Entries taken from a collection
+ + + + +
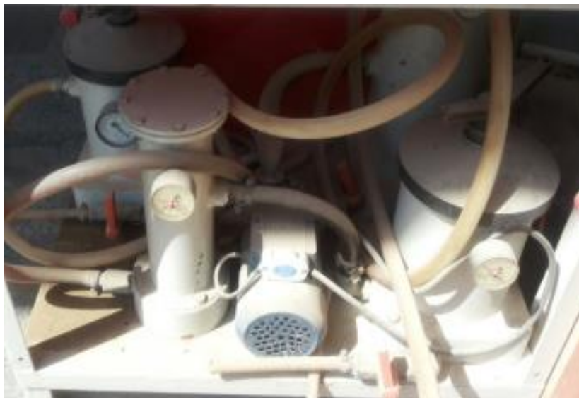
شکل ۱- پایلوت نانوفیلتراسیون مورد مطالعه
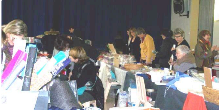
Les Puces des couturières pour la 4ème année

Photo : Un vaste choix pour les petites mains
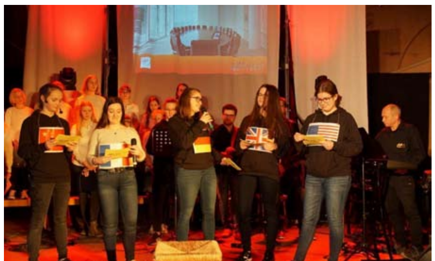
Die Klimakonferenz mit verschiedenen Staaten unter der Leitung Deutschlands wurde beim Alex18:30 im Januar dargestellt.
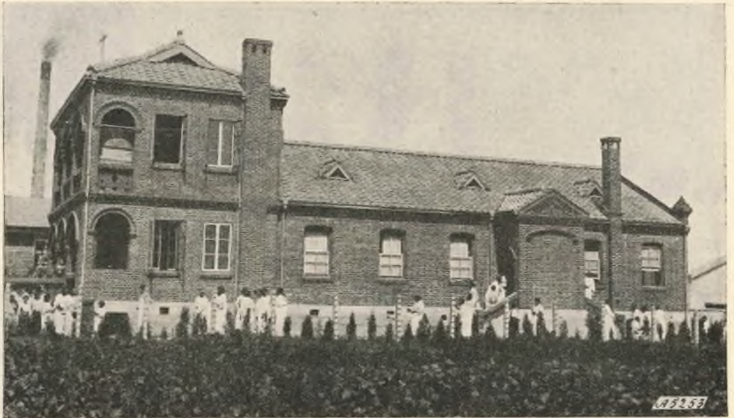
Corea - Eitôho. - Chiesa dedicata a San Giovanni Bosco.

dare alla santa Congregazione di Propaganda Fide il permesso per la fondazione. Ottenutolo nel giugno 1937, ed espletato quanto è di dovere per la formazione delle religiose, vennero coronati gli sforzi di quanti avevano lavorato
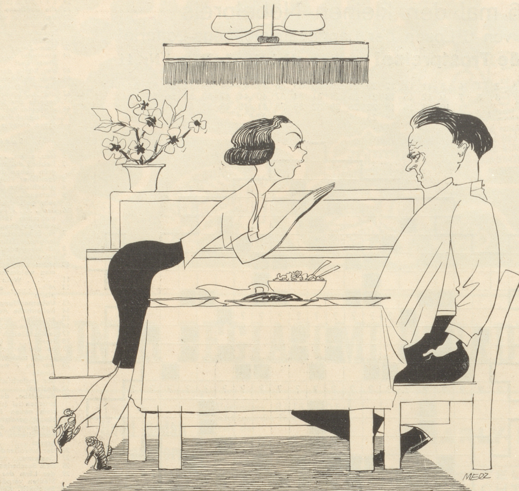
Das erste Mittagessen
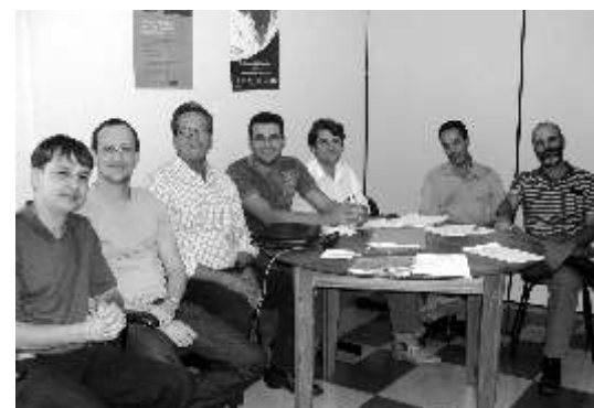
Profissionais que compõem o NITec

Os objetivos gerais do NITec são a prospecção tecnológica para identificar possíveis patentes; capacitação em Proteção Intelectual para os pesquisadores institucionais; regulamentação sobre propriedade intelectual; articulação visando o desenvolvimento de projetos em parceria; estímulo ao empreendedorismo e transferência de tecnologia. O mandato desse Núcleo irá trabalhar no mandato que vai de 19 de agosto de 2008 a 18 de agosto de 2010.
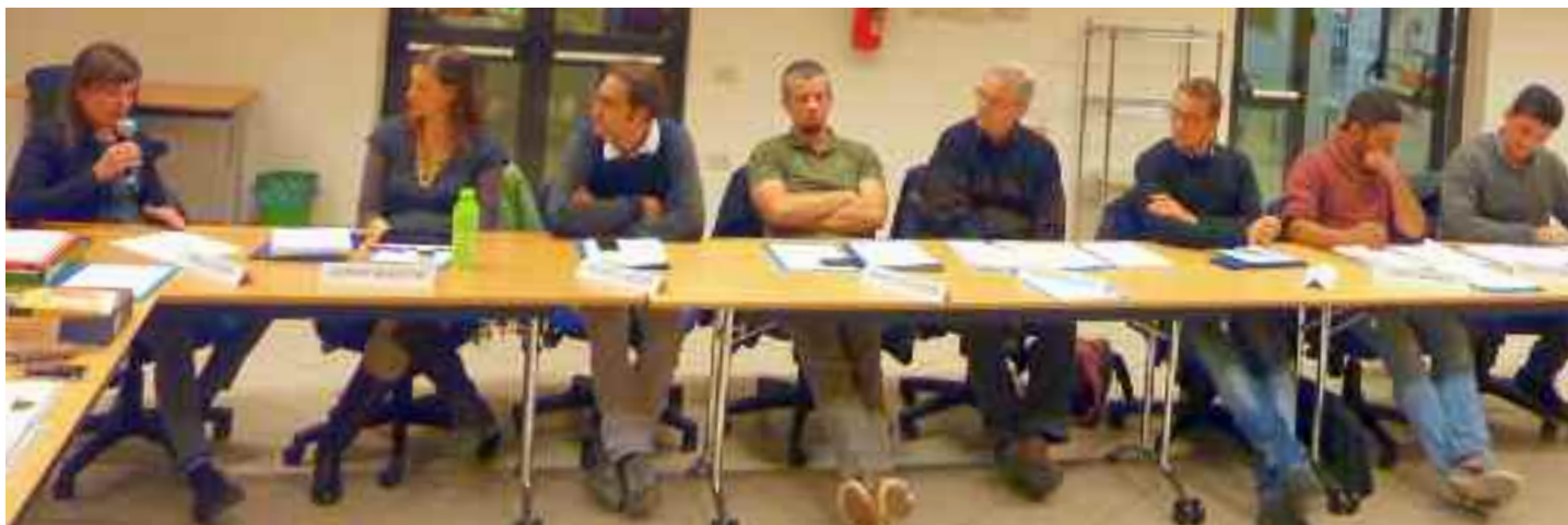
Consiglio 7 luglio 2015
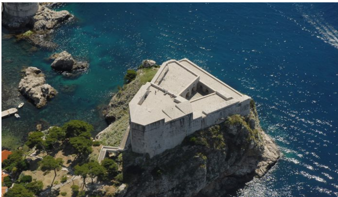
Slika 6. Tvrđava Lovrijenac
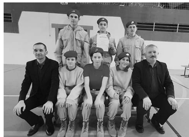
Юнармейцы п. Садовый - победители соревнований.

Участвовали 11 команд. 1 место - п. Садовый. 2 место - с. Новое. 3 место-с. Павловское.
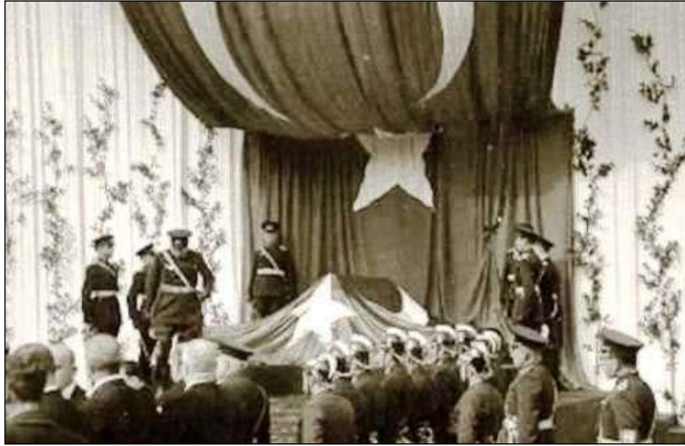
Resim 5.3: Atatürk'ün cenaze töreni

Katafalk, günümüzde hemen her ülkede toplumun her kesimi tarafından cenaze törenleri sırasında kullanılan bir araç haline gelmiştir. Katafalk hem devlet törenlerinde hem de bireysel cenaze törenlerinde dizayn edilerek kullanılmaktadır. Ülkemizde Atatürk'ün ölümü sonrası düzenlenen cenaze töreninde katafalk kullanılmıştır.
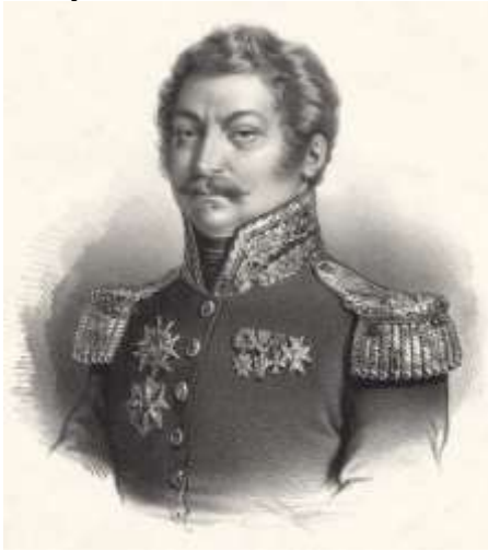
Charles Denys de DANREMONT (1783/1837).
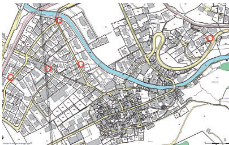
○ Standort Kehrichthäuschen

Vermietern von Ferienwohnungen wird empfohlen, den Feriengästen mindestens einen gebührenpflichtigen Kehrichtsack abzugeben.
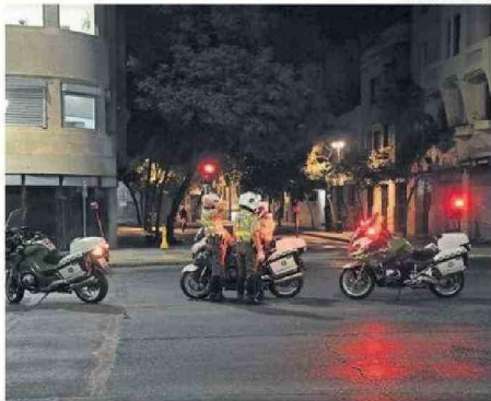
AYER SE LEVANTÓ EL TOQUE DE QUEDA PARA LAS 14 REGIONES.

de los activos de generación que no funcionaron o tuvieron fallas.
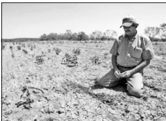
Campesinos y ganaderos afectados severamente por la sequía.

Dijo, "no se puede perder de vista que se enfrenta una situación complicada y difícil en el campo por falta de lluvia y esto sigue representando un riesgo sobre todo en el sector de la ganadería que no deja de ser todavía preocupante". Sostuvo que se han destinado a través de diversos programas institucionales no están respondiendo de acuerdo a la necesidad que demanda este sector porque se enfrenta una situación muy compleja.
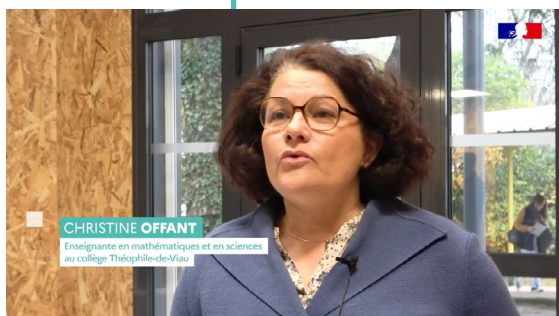
Épisode 3 Collège Théophile-de-Viau au Passage dans le Lot-et-Garonne
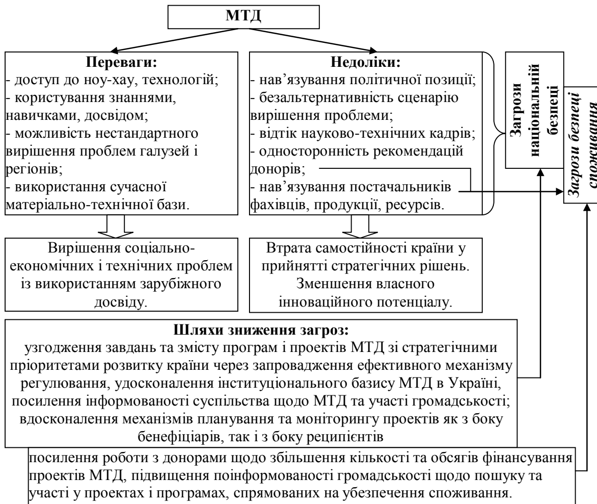
Рис. 2. Структурно-функціональна побудова МТД в системі національної безпеки України *)
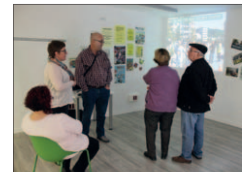
MOSTRA DE LES ACTIVITATS DE L'ASSOCIACIÓ DE VEÏNS I VEÏNES DEL CENTRE DE MONTORNÈS
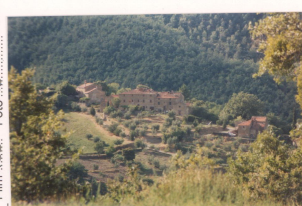
p.v. N. vista da Novigliano
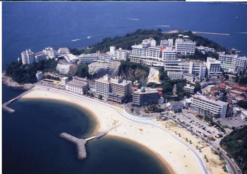
西浦半島の先端、海水浴場を臨む～西浦温泉～
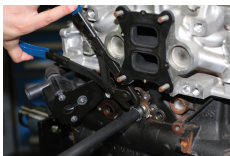
Hose Clip Pliers - for Single/Double Ear Clips | 8261
+ + + + +
Exercise objective
Please count the lines of the entries above that include "vista" and give only the total.

Response area
2